Former Monash students have also gone on to establish themselves as
leading lights of Soviet and Russian studies, including Professor Graeme
Gill of the University of Sydney, the noted scholar on Stalinism, the
Communist Party of the Soviet Union and contemporary Russia, who did an MA
in Politics here. Tony Phillips, whose work on Soviet and contemporary
Russian politics has helped establish Melbourne University as a centre for
excellence in the politics of the former Soviet Union, was initiated into
academia as an Honours Student in Politics. Recent Monash PhD students who
have used this library's materials include Dr Zoe Knox currently of Rice
University and Dr Brad Williams of the National University of Singapore,
themselves renowned young scholars of the former USSR.
It will be
recalled that Monash University has also made significant contributions to
our understandings of communist theory and Italian Communism. Peter
Beilharz, a noted scholar of Marxist theory completed his PhD in Politics
at Monash. Additionally, the leading Marxist theoretical journal,
Thesis Eleven included former Monash scholars on its editorial board
and was housed for a time at Monash University. Our former colleague
Professor Alistair Davidson has written two seminal texts on Italian
communist theory and movements. These include his landmark biography of
Gramsci and a history of the Italian Communist Party. The study of Italian
communism was continued with Steve Wright, currently lecturing in the IT
Faculty. Steve's more recent work on Italian communism has addressed
Italian autonomous movements and workplace relations. Analysing Italian
communism's presence in contemporary youth culture, Steve's research has
also examined its role hip hop and in social centres.
A bit
closer to home the users of this library, and the materials in this
collection more specifically, have generated outstanding scholarship on
Communism in Asia and Australia. In studies of Chinese communism,
colleagues former and present such as Prescott Clarke and Dennis Woodward
come to mind. Ian Turner, Jenny Hocking, Tom Heenan and Paul Strangio and
are among the Monash scholars who have written on Australian communism,
its chroniclers and fellow travellers. Rex Mortimer's contributions on
Indonesia, and former PhD student David Glanz who wrote on the Filipino
Communist Party helped to establish Monash University's credibility on
Communism in Southeast Asia.
And
student politics is also an important contribution to communist politics.

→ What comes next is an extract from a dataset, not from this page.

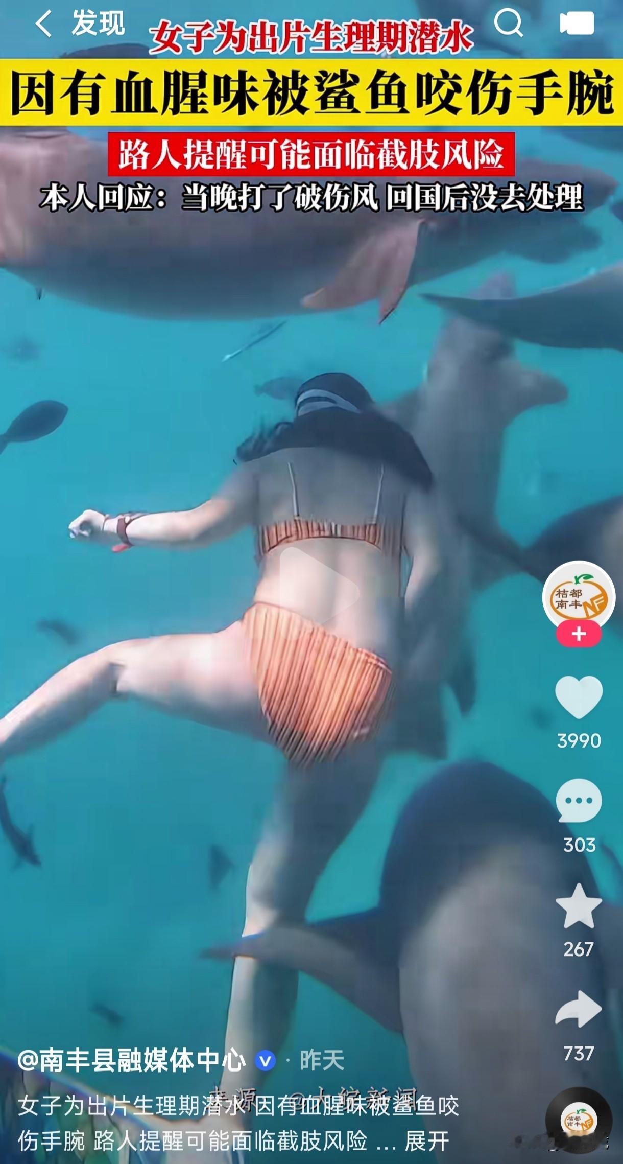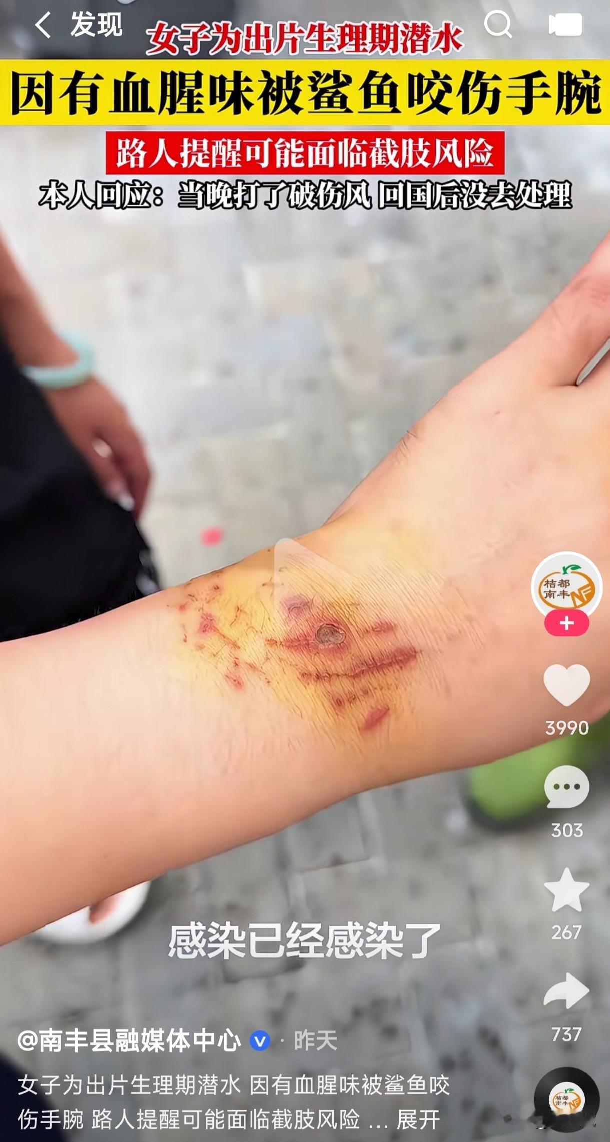 女子为了出片居然生理期潜水,因为有血腥味被鲨鱼咬伤手腕已经导致感染,被路人提醒可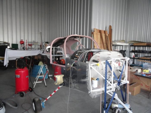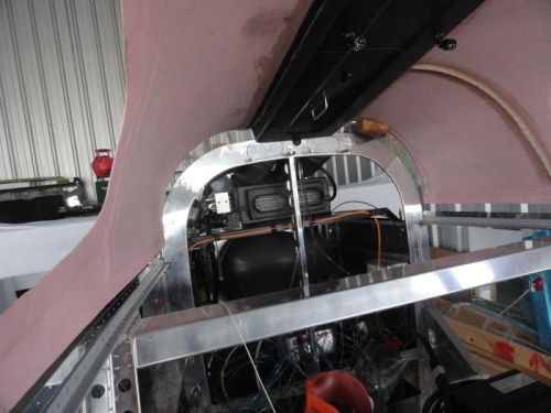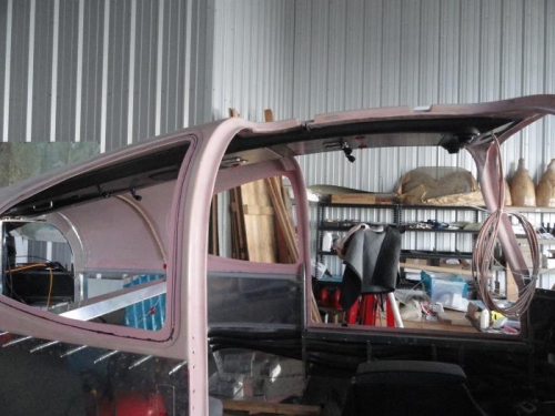 Nelson Hochberg made the mistake of dropping by to borrow a tool. I enlisted him to help me put the cabin top back on the fuselage. Once it was roughly in place, I used wood blocks under the door sections to raise it up a few inches to give me room to thread the oxygen lines and harnesses through the baggage bulkhead. Then I lowered the top into place and placed clecos in the holes along the sides aft of the doors. Those holes and the holes under the top skin need to be drilled out to #30. Then I will countersink/dimple (after raising the cabin top again) before installing the top permanently in place. With it temporarily in position, you can see how the lights and oxygen stations in the overhead work in relation to the seating.

This collection contains many fascinating items pertaining to the left and
communist movements' use of youth culture and their participation in
political actions. Monash itself has long been part of this student
politics nexus. From the participation of Albert Langer to the S-11
protests in 2000, to various refugee, Indigenous solidarity and other
concerns, our students have contributed to broad leftist struggles. Many
of them participated as members of communist organisations.
The legacy
of communism both as an academic and political force is thriving in
contemporary Monash scholarship or in contributions from former Monash
students and academics. It is hoped that the materials contained in this
collection will help to sustain and stimulate present and future
generations of readers, students and scholars of communism, its various
offshoots and its future permutations.
I wish to
thank Richard Overell and his colleagues for putting together this
outstanding and fascinating collection. Thank you again for the invitation
to speak on this occasion. May you all enjoy, and become intrigued,
reflective and moved by these diverse, rare and for some, sentimental
artefacts of one of the most significant intellectual, political and
social movements of the nineteenth and twentieth centuries.